Methods We conducted an environmental scan of English language literature on fairness from 1960-July 31, 2021. Electronic databases Medline, PubMed and Google Scholar were searched, supplemented by additional hand searches. Data from 213 selected publications were analysed using rapid framework analysis. Search and analysis were completed in two rounds: to explore previously identified issues (a priori), as well as those emerging from the analysis (de novo).
Results Our synthesis identified ‘Three Pillars for Fairness’: transparency, impartiality and inclusion. We draw on these insights to propose a multidimensional conceptual framework to guide empirical research on the operationalisation of fairness in healthcare.
Discussion We apply the conceptual framework generated by our synthesis to risk assessment in psychiatry as a case study. We argue that any claim to fairness must reflect critical assessment and ongoing social and political deliberation around these three pillars with a range of stakeholders, including patients.
Conclusion We conclude by outlining areas for further research that would bolster ongoing commitments to fairness and health equity in healthcare.
- artificial intelligence
- machine learning
- health equity
- health services research
- patient-centered care
Data availability statement
All data relevant to the study are included in the article or uploaded as online supplemental information.

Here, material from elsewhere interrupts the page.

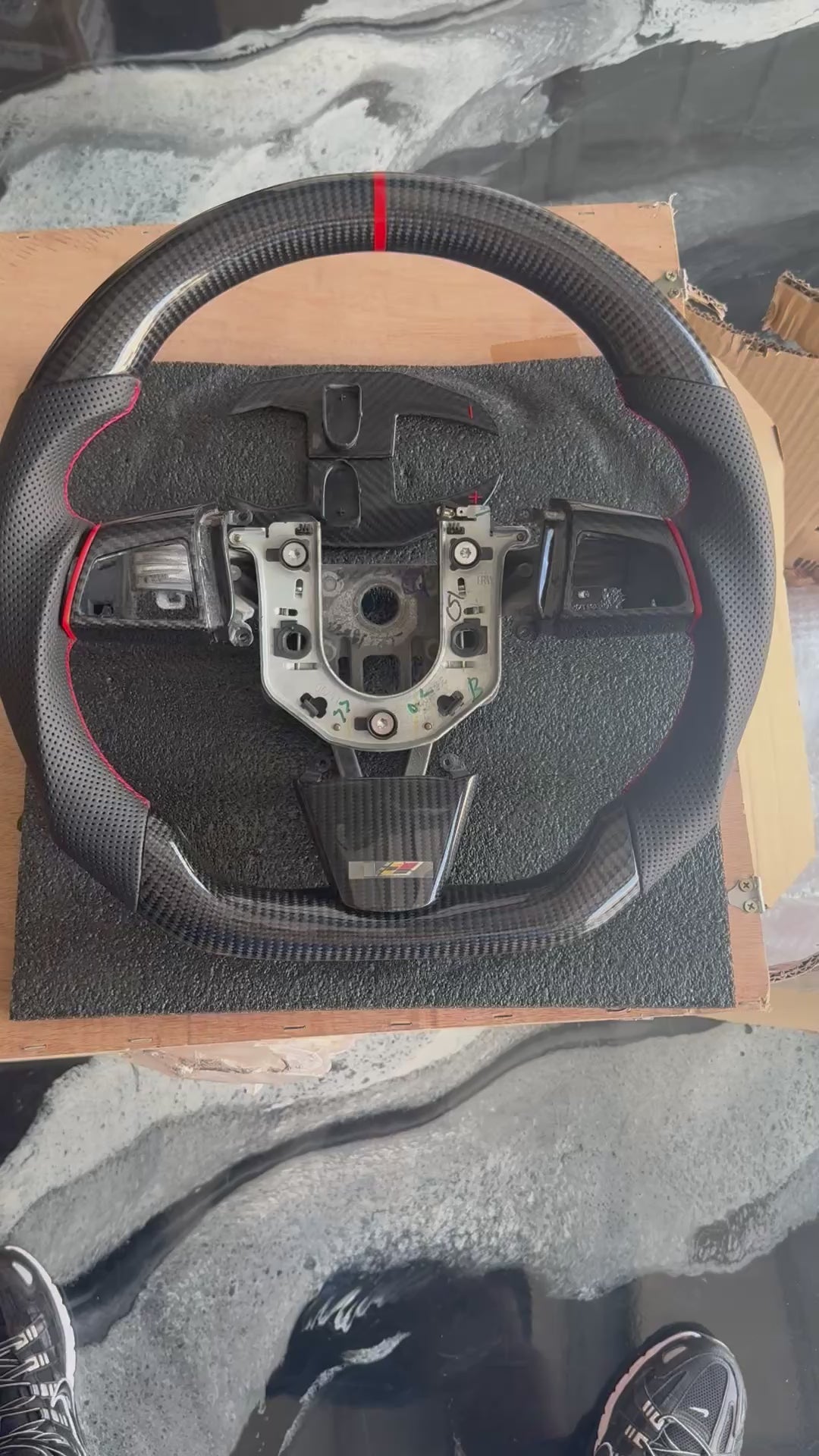 These custom handmade Carbon Fiber steering wheels start off as an OEM stock stripped down steering wheel, which ensures you that it will be as perfect of a fit as possible every time.

This is an open access article distributed in accordance with the Creative Commons Attribution Non Commercial (CC BY-NC 4.0) license, which permits others to distribute, remix, adapt, build upon this work non-commercially, and license their derivative works on different terms, provided the original work is properly cited, appropriate credit is given, any changes made indicated, and the use is non-commercial. See: http://creativecommons.org/licenses/by-nc/4.0/.

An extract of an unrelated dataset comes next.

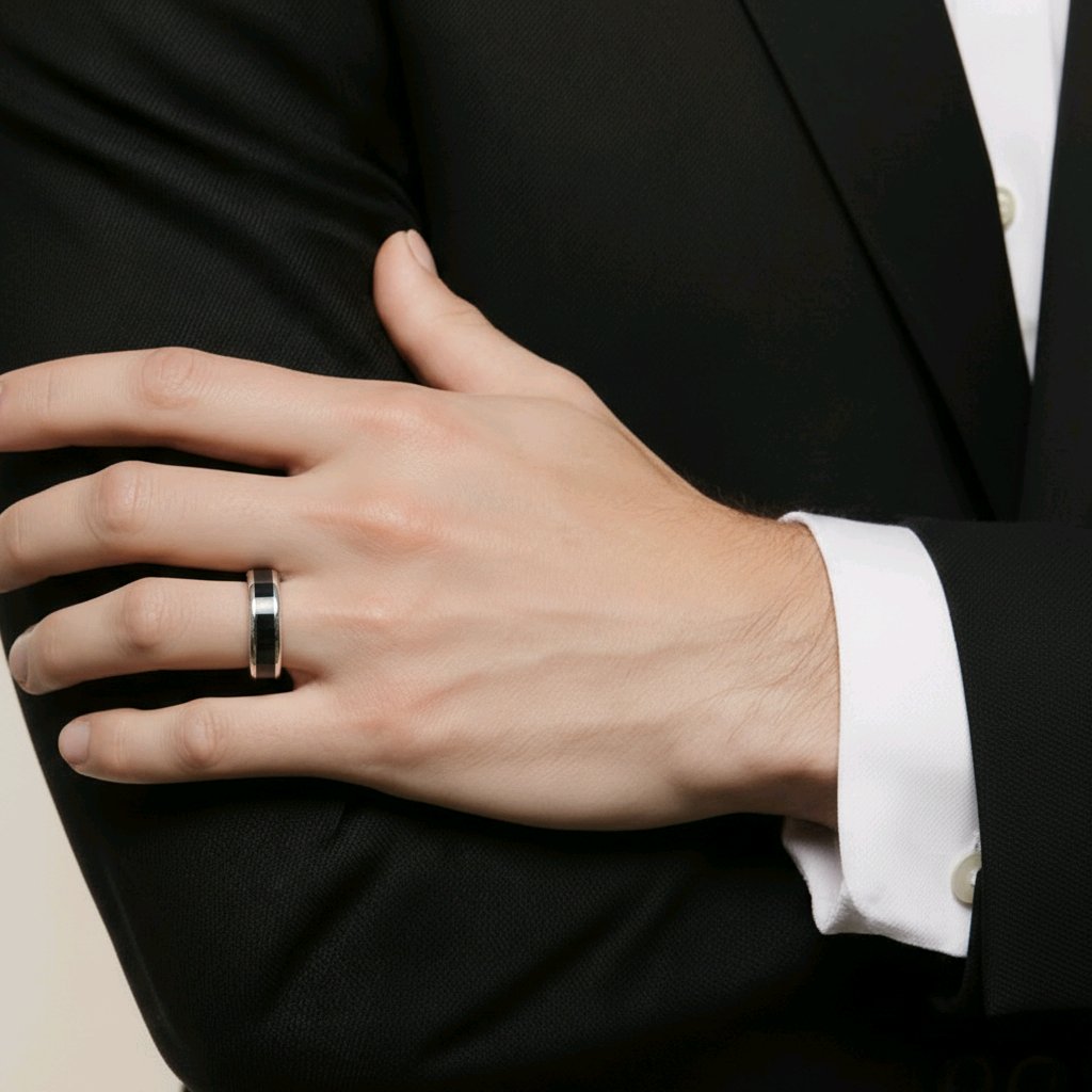 Luxurious and striking, our Platinum & Ceramic Court Wedding Band is the epitome of refined elegance. Crafted from the finest platinum and ceramic materials, this band exudes sophistication and style. Its sleek and timeless design makes it a symbol of everlasting love and commitment. A perfect choice for those who appreciate the finer things in life.

Statistics from Altmetric.com
Automated-decision-making systems in medicine (often machine-learning or ML-based) represent an emergent medical and technological innovation we call ‘Predictive Care’. Predictive care combines Big Data (on whole populations) and Small Data (on single people) to facilitate proactive, precise, and personalised health interventions. It is widely viewed as the ML tool with the most promise to solve some of the most complex and intractable problems in healthcare.1 However, according to recent scholarship on algorithmic injustice, there is growing evidence to suggest that ML tools amplify existing inequities, such as racial bias, often because they are trained on biased datasets.2–5 Therefore, implementation in clinical contexts is concerning because predictive care systems have the potential to discriminate against people based on sociodemographic characteristics such as age, sex or race.6 These concerns have led to explosive growth in ‘fairness-aware ML,’ a new field that aims to design fair algorithmic systems1 by detecting and eliminating bias.7 8
In ML discourses, the notion of fairness appeared briefly in the late 1960s as a shorthand for a range of procedural and statistical methods designed to track and measure different forms of discrimination.9–11 Rediscovered recently12 most current approaches to fairness are technocratic.13 Studies either approach fairness as a set of (mathematical) techniques,14 and/or recommend a set of governance procedures that can be used to mitigate against any unintended harms (eg, fairness checklists or guiding principles).15 However, it remains unclear how exactly current approaches to fairness map onto established ethical frameworks.7 16–19 For example, the narrow definition of fairness in ML discourses does not fully engage with fairness as an idiom, or a mode of expression used to resolve public debates and emotional tensions that emerge alongside questions about what it means to build a good and just society.20–23 Nor do these techniques or procedures fully address debates about who should/will benefit the most from these advances and why.19 24–33 Finally, it remains unclear how or which notions of fairness might be used to advance health equity.34 However, without conceptual clarity, attempts to operationalise fairness will be spurious.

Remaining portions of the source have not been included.